Ultimately I believe we need to assess the cost, per user, per year, to deliver a secure, productive endpoint. We should include the cost of IT personnel to deploy and manage the desktop, apps and endpoint security tools, and to remediate when an attacker succeeds. We should include the cost of user-downtime during remediation and the cost of all network appliances, servers and databases. We need to measure UX in a consistent way, with real workloads, and get real user input.
Ideally our criteria should allow us to trade off architectures. For example: We could ask whether users would be more productive and secure with a better PC and robust endpoint security that protects them no matter what they click on, or on a cheaper device with an EVC solution that doesn’t stop attacks, and that requires remediation whenever it is attacked. Ultimately, I believe, the criteria should also allow us to also account for the millions of dollars spent on proxies, network IDSs, storage and servers that play a role in endpoint security, and question their utility in the face of new endpoint solutions.

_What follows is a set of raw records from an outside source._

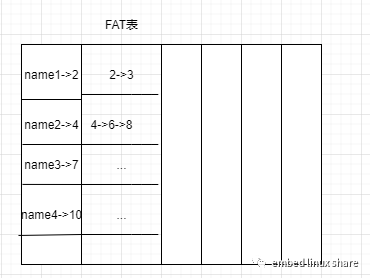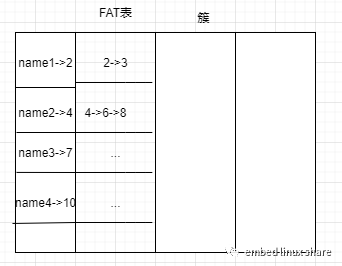 現(xiàn)在每個扇區(qū)的頭部還有一個專門的字段來記錄扇區(qū)所屬文件以及下一個扇區(qū)的地址,這個字段我們也把它剝離出來集中管理,像文件索引表一樣,也用一些扇區(qū)來保存,這樣子會顯得整個文件系統(tǒng),架構(gòu)更加的清晰,管理更加方便。這些用來保扇區(qū)關(guān)系的扇區(qū),在fatfs里面就叫做FAT(File Allocation Table)表,如下圖: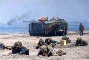 假想解放軍登陸 臺(tái)軍今早在澎湖實(shí)彈演習(xí)(圖) 2001年12月27日 15:58 臺(tái)軍進(jìn)行沙灘演習(xí)(資料圖片) 中新網(wǎng)香港12月27日消息:臺(tái)北訊,臺(tái)灣軍方的澎湖“國(guó)防司令部”,今天清晨實(shí)施反登陸實(shí)彈演習(xí),操演過(guò)程中試射各種火炮。 澎湖“國(guó)防司令部”今早集結(jié)部隊(duì),在西嶼外海展開(kāi)“聯(lián)信240號(hào)”演習(xí)。其間進(jìn)行沙盤(pán)推演,圖上作業(yè)標(biāo)定目標(biāo),隨即用軍方的105、155榴彈炮進(jìn)行對(duì)海射擊。 之后,臺(tái)軍使用40防空炮對(duì)空射擊,進(jìn)行擊機(jī)的操演。 臺(tái)灣軍方表示,操演是以實(shí)兵實(shí)彈射擊,已驗(yàn)證臺(tái)軍的陸?杖娐(lián)合作戰(zhàn)能力。 有參加演習(xí)的軍官聲稱,此次軍事操演的目的是假想解放軍在臺(tái)登陸,臺(tái)軍則以榴炮和機(jī)槍炮“綿密的射擊”,“阻止”解放軍登陸。 臺(tái)軍方聲稱,演習(xí)中,整個(gè)反舟波火炮射擊都命中目標(biāo)。 |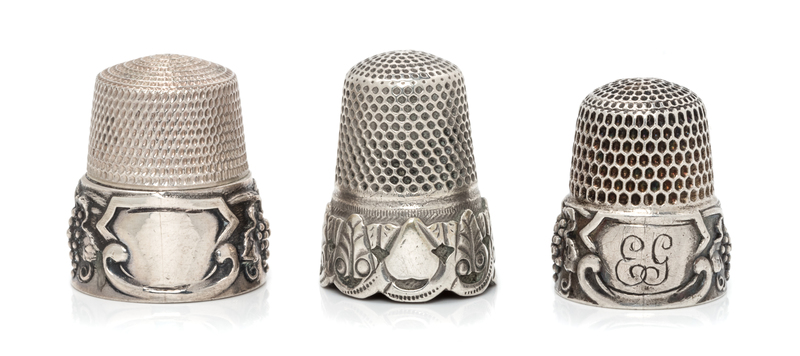 A Pair of American Silver Grapevine Thimbles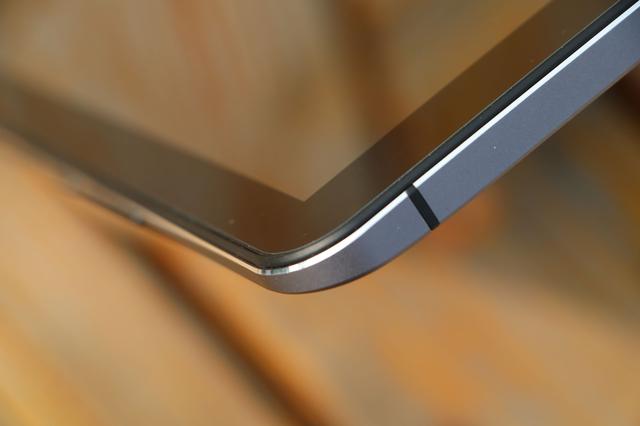 为了保证整体的美观和实用,酷比魔方Freer X9在长边与中框的转角处采用了CNC切边和曲线过度,使得整机的握持感更加的贴切,同时也使得整机更加的美观时尚。两道CNC切边一道金属原色,一道机身原色,明暗搭配使得二者形成了鲜明对比。对于男士而言整体握持恰到好处,不过对于女生而言8.9英寸想单手握持确实有些难度。

In summary, Rick has done us a favor by calling out the vendor ecosystem for its use of meaningless epithets, I am optimistic the security industry can become more thoughtful to engage in meaningful discussion. I fear, however, that we will have no choice but to continue to use them until there is a decent way to empirically measure our claims. I welcome the opportunity to work together to develop a robust set of metrics that will cut through the nonsense of vendor marketing – I have many more thoughts on the topic.